> **EXTRACTED ENTRIES**:
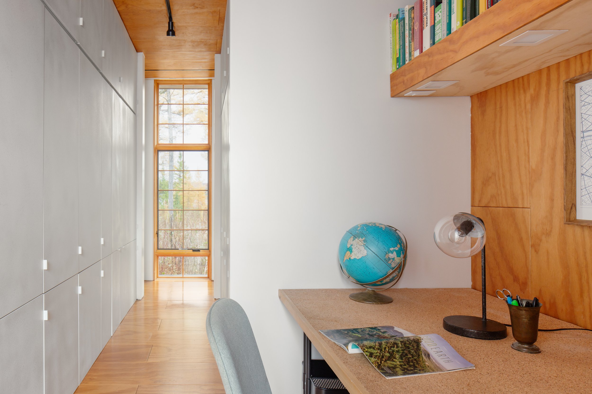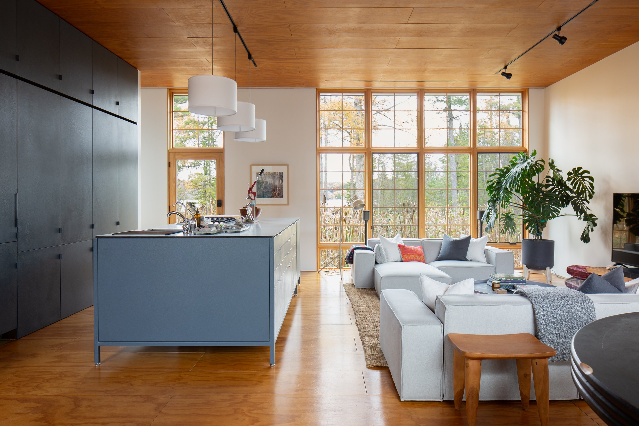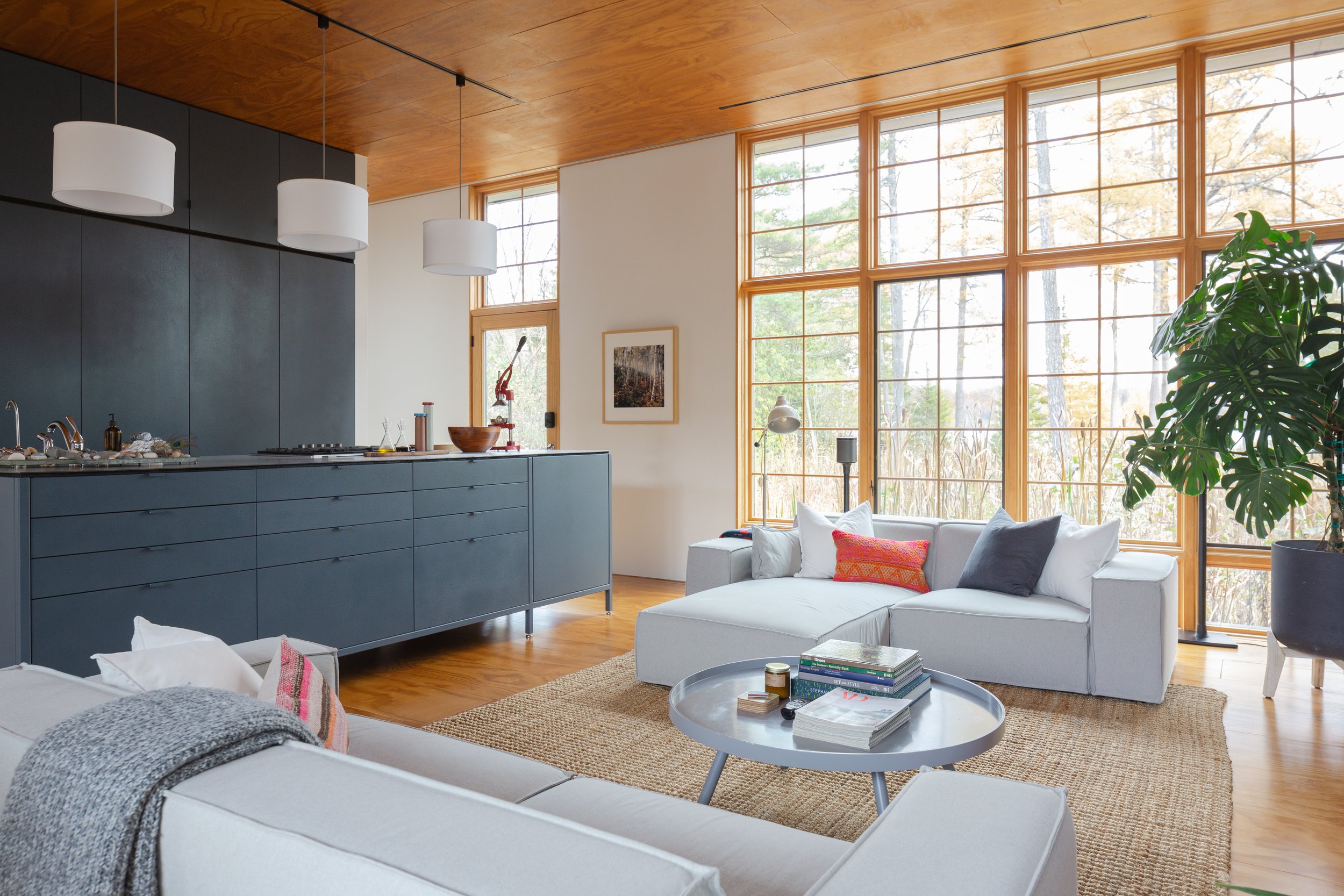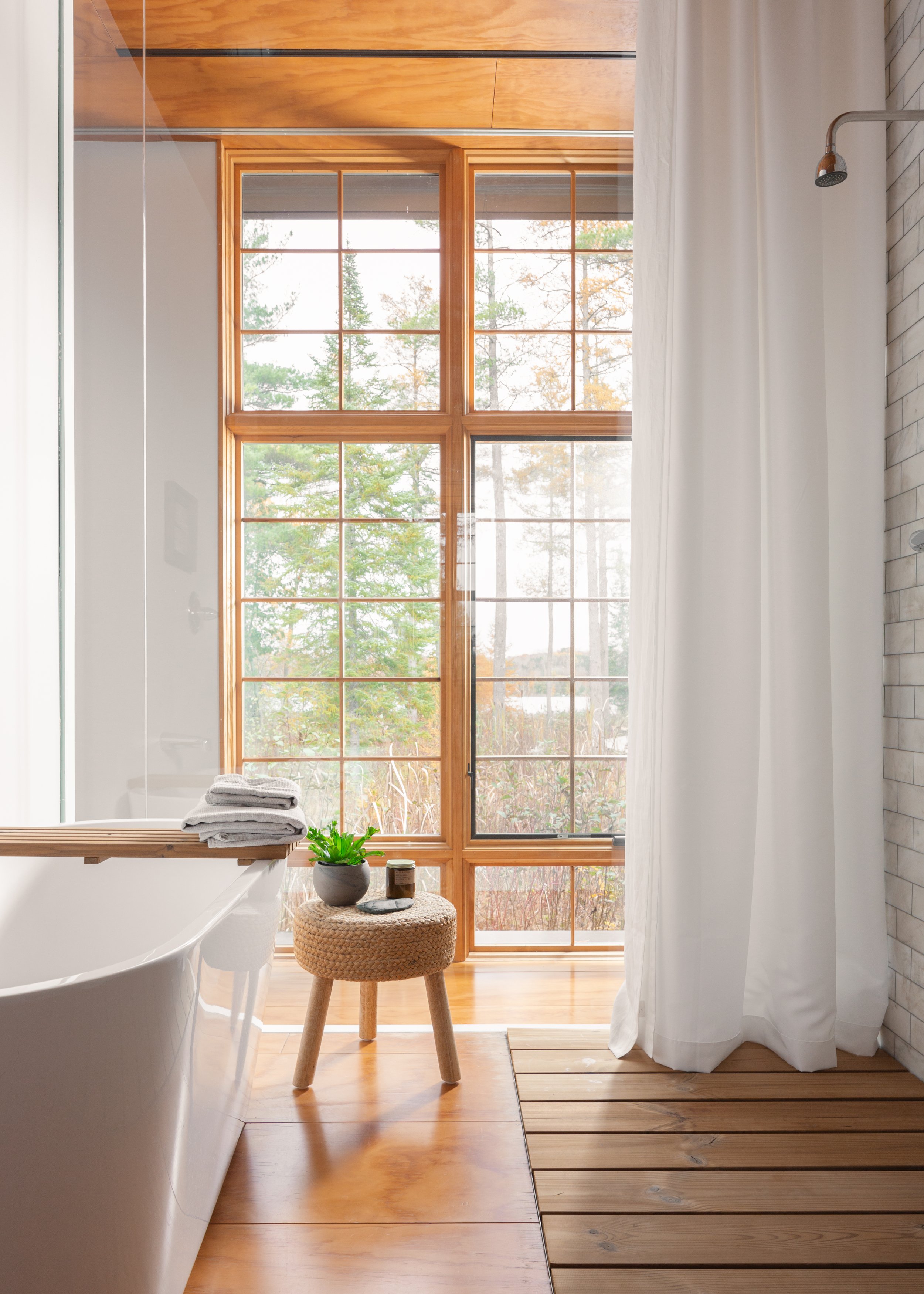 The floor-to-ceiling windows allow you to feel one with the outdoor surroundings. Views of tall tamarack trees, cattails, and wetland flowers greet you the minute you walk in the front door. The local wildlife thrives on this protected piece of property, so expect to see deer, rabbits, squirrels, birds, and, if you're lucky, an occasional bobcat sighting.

---

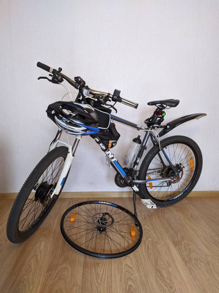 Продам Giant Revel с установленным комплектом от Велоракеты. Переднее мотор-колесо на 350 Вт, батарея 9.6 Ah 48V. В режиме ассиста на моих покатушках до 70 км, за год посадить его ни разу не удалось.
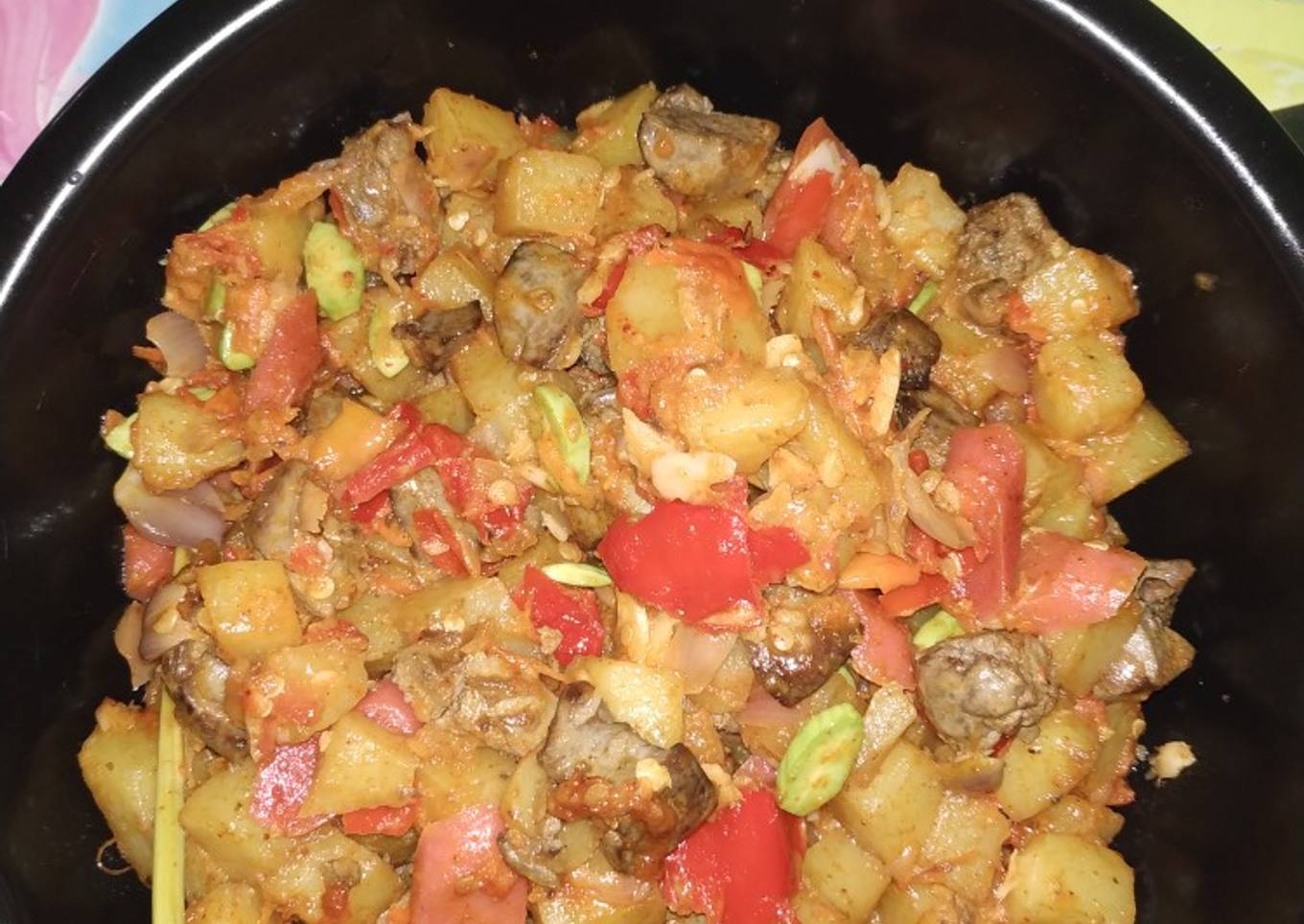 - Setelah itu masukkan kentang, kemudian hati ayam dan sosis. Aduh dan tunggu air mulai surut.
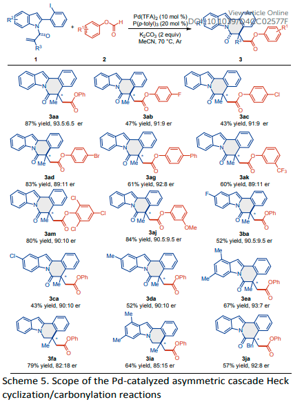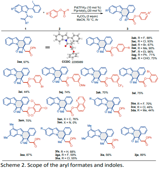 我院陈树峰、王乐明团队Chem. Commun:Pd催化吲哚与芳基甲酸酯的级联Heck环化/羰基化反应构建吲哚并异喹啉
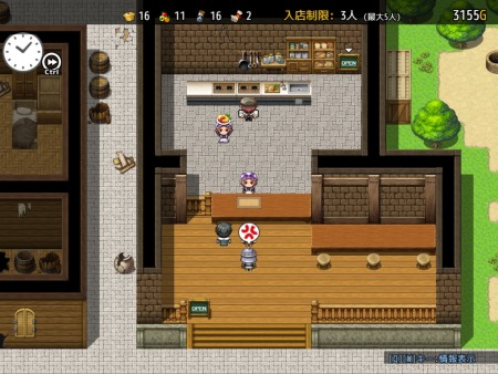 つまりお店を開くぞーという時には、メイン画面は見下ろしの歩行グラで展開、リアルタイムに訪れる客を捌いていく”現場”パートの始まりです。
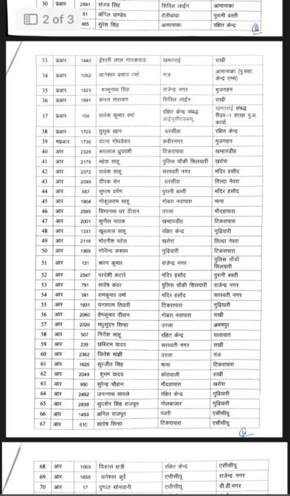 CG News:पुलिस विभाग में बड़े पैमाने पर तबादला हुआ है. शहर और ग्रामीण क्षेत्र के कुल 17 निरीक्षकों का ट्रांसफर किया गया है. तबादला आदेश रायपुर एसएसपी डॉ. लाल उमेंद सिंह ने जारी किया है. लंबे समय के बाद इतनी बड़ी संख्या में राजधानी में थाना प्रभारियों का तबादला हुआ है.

...

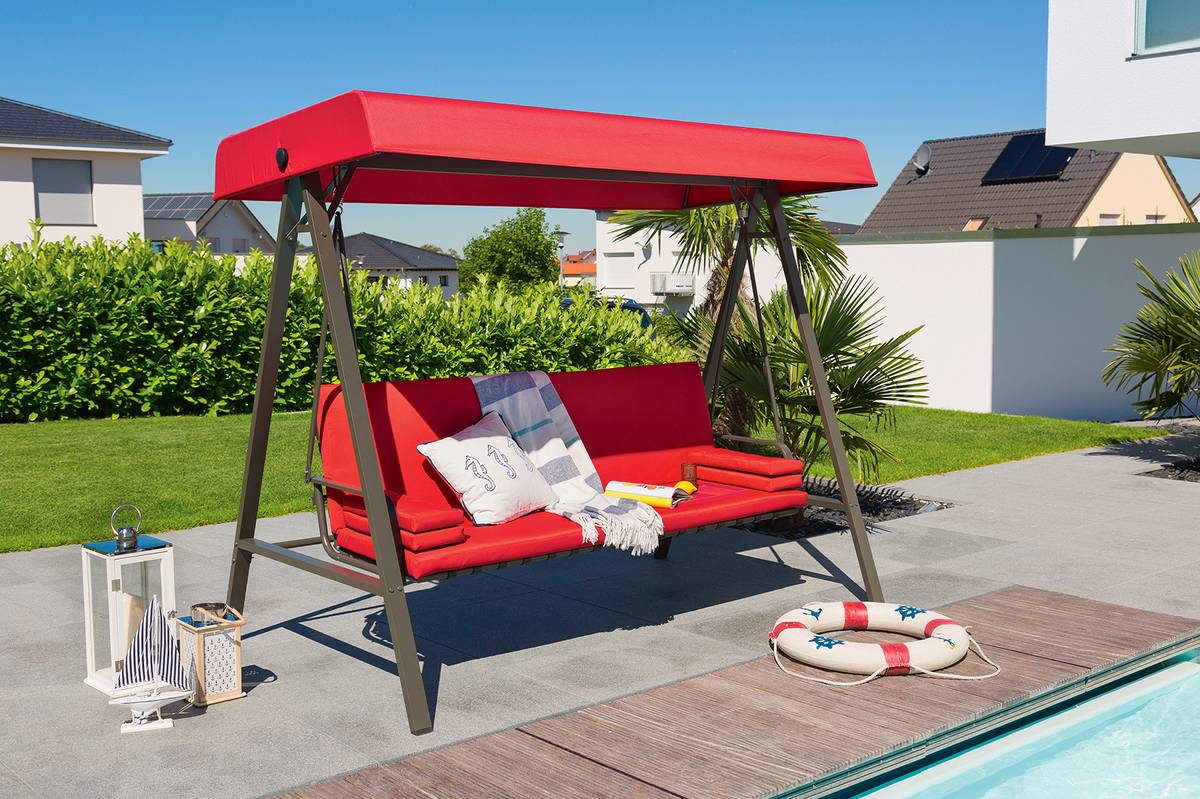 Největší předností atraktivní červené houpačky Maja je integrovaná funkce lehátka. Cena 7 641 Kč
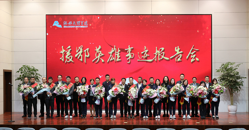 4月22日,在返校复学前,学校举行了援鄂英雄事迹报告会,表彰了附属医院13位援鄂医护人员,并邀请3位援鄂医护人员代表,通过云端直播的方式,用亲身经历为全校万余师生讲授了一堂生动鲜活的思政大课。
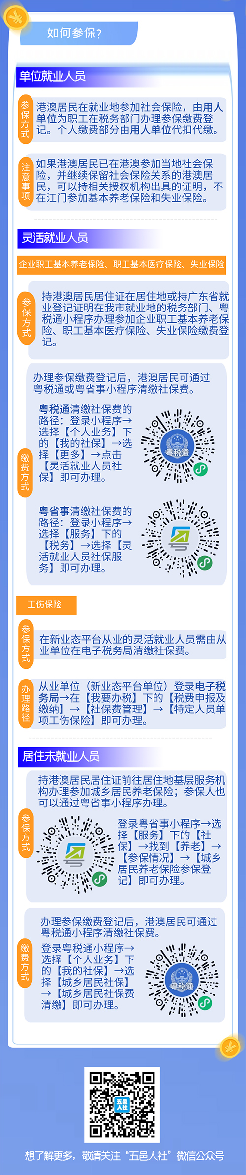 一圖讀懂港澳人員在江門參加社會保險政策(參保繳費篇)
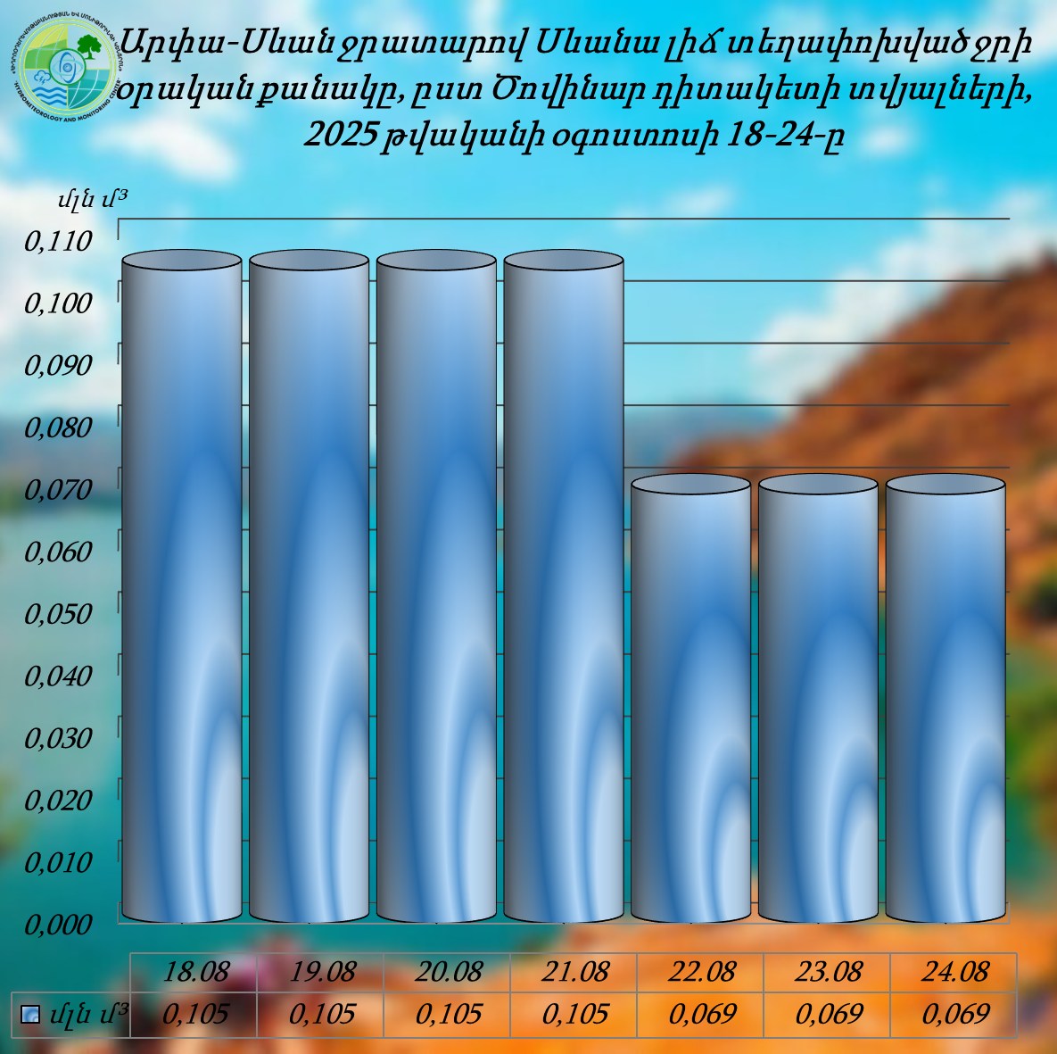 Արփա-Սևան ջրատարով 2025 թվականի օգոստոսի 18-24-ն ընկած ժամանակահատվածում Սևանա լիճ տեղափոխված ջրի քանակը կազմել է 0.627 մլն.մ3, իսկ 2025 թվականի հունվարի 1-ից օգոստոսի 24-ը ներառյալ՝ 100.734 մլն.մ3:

> **AIM OF THE EXERCISE**: Copy exactly the material above from the line with "- Setelah itu" to the line with "CG News:पुलिस विभाग", ends included, and nothing else. Leave out any picture.

> **EXERCISE OUTPUT**:
 - Setelah itu masukkan kentang, kemudian hati ayam dan sosis. Aduh dan tunggu air mulai surut.
 我院陈树峰、王乐明团队Chem. Commun:Pd催化吲哚与芳基甲酸酯的级联Heck环化/羰基化反应构建吲哚并异喹啉
 つまりお店を開くぞーという時には、メイン画面は見下ろしの歩行グラで展開、リアルタイムに訪れる客を捌いていく”現場”パートの始まりです。
 CG News:पुलिस विभाग में बड़े पैमाने पर तबादला हुआ है. शहर और ग्रामीण क्षेत्र के कुल 17 निरीक्षकों का ट्रांसफर किया गया है. तबादला आदेश रायपुर एसएसपी डॉ. लाल उमेंद सिंह ने जारी किया है. लंबे समय के बाद इतनी बड़ी संख्या में राजधानी में थाना प्रभारियों का तबादला हुआ है.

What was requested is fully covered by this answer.